Pasalnya, paska kunjungannya ke kediaman Daini (45) di Desa Bojen, Kecamatan Sobang, pada Jumat (23/12/2022) kemarin. Rizki Aulia Rahman Natakusumah langsung melakukan komunikasi serta koordinasi dengan Mitra Kerjanya di Komisi I DPR RI yakni Kementrian Luar Negeri Republik Indonesia, untuk segera melakukan tindak lanjut atas nasib yang dialami warganya tersebut.

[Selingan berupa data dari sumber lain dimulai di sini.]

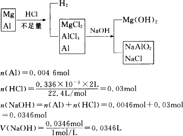 (4)在丙组实验之后,向容器中加入1 mol·L-1的NaOH溶液,能使合金中的铝恰好溶解,不形成铝的沉淀,并使Mg2+刚好沉淀完全,求所加入NaOH溶液的体积(写出计算过程)

“Setelah kunjungan, saya langsung berkomunikasi dan berkoordinasi dengan Kemenlu Republik Indonesia untuk segera melakukan penanganan, agar Daini (PMI korban Kekerasan-red) bisa mendapatkan keadilan. Dan Informasinya, hari ini Dirjen Perlindungan WNI akan menemui korban,” ungkap Rizki Natakusumah saat dihubungi Wartawan, Selasa (27/12/2022) Kemarin.
Pria yang akrab disapa Aa Iki ini juga, meminta kepada Kementrian Luar Negeri untuk serius melakukan pendampingan terhadap warganya yang mengalami kebutaan yang diduga diakibatkan oleh penyiksaan yang dilakukan majikanya, agar mendapatkan keadilan.

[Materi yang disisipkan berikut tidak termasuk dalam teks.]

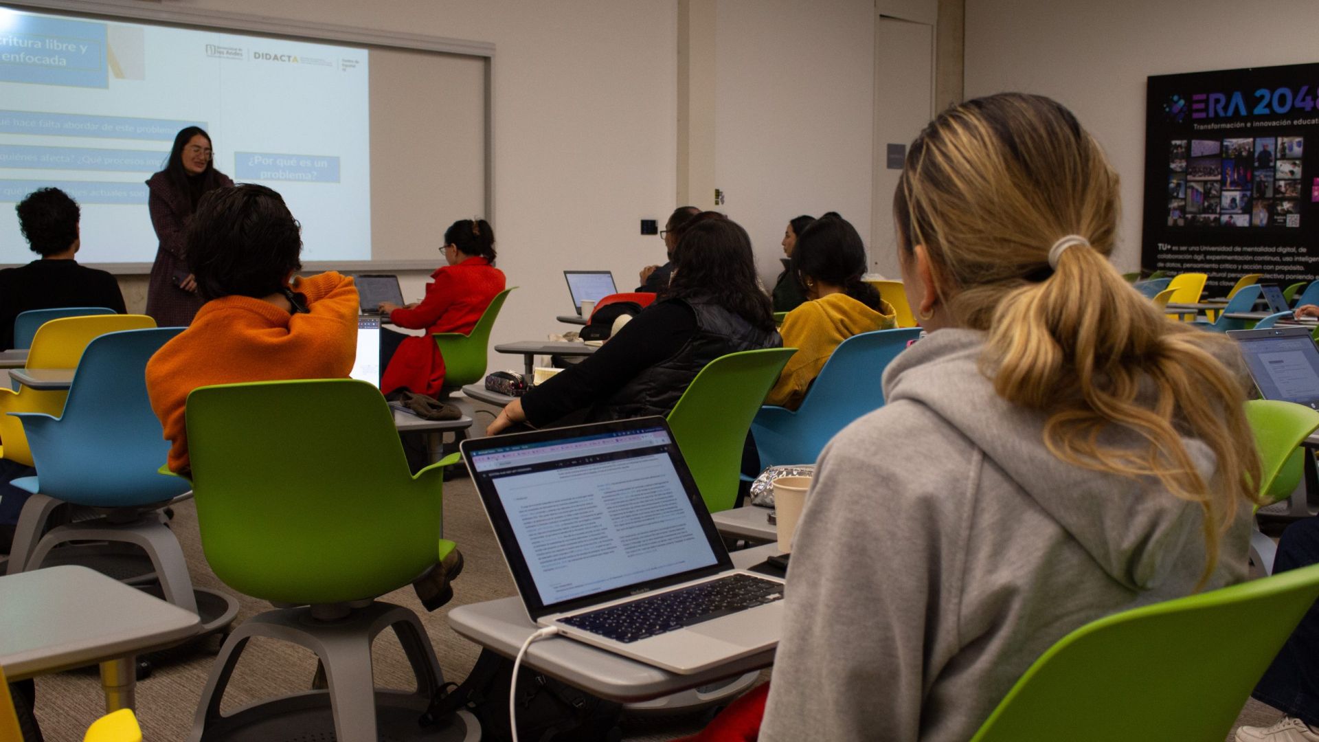 En el Campamento de Tesis, iniciativa del equipo pedagógico del Centro de Español – DIDACTA, acompañamos a estudiantes de posgrado de la Universidad de los Andes en la escritura de sus trabajos de grado. Este espacio se realiza cada semestre, en modalidad presencial, durante una semana y ofrece un entorno estructurado para avanzar de manera significativa en la construcción de los textos de investigación.

“Tentunya ini harus ditangani serius oleh Pemerintah Pusat (Kemenlu RI) dan saya yakin Pemerintah pusat juga paham, akan pentingnya menjaga martabat WNI di luar negeri. Kita sebagai warga Indonesia harus bisa lebih dihargai di luar negeri, dan ini salah satu kesempatan untuk bisa membuktikan bahwa Indonesia negara yang kuat, bermartabat,” imbuhnya.
Sementara itu, Direktur Perlindungan WNI, Kementrian Luar Negeri, Judha Nugraha, mengatakan, bahwa pihaknya telah menidaklanjuti informasi serta laporan dari Anggota DPR RI tersebut, yakni dengan telah melakukan kunjungan kekediaman Daini yang menjadi korban penyiksaan, untuk melakukan penggalian informasi mengenai majikan dan kronologi untuk melengkapi informasi yang akan digunakan KBRI Riyadh dalam proses hukum.

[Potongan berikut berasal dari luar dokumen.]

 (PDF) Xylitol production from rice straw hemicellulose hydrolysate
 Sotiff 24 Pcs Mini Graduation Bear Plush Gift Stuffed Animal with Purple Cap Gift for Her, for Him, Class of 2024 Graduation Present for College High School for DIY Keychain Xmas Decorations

“Kemenlu RI sudah menemui korban (Daini-red), dan melakukan penggalian informasi mengenai majikan dan kronologi untuk melengkapi informasi yang akan digunakan KBRI Riyadh dalam proses hukum. Selain itu, kami juga melakukan koordinasi dengan Kepolisian Daerah (Kapolda) Banten untuk proses visum et repertum,” ungkapnya saat dihubungi wartawan.
Selain melakukan penggalian informasi dan berkoordinasi dengan Polda Banten, Judha Nugraha menambahkan, Kemenlu RI melalui KBRI Riyadh telah mengirimkan nota diplomatik dan langsung bertemu dengan Direktur Konsuler Kementerian Luar Negeri Arab Saudi untuk meminta klarifikasi dan penanganan kasus kekerasan yang dialami Daini.
“Kemlu dan KBRI Riyadh telah menunjuk pengacara untuk melakukan langkah-langkah hukum untuk meminta pertanggungjawaban majikan yang diduga telah melakukan penyiksaan terhadap daini,” imbuhnya.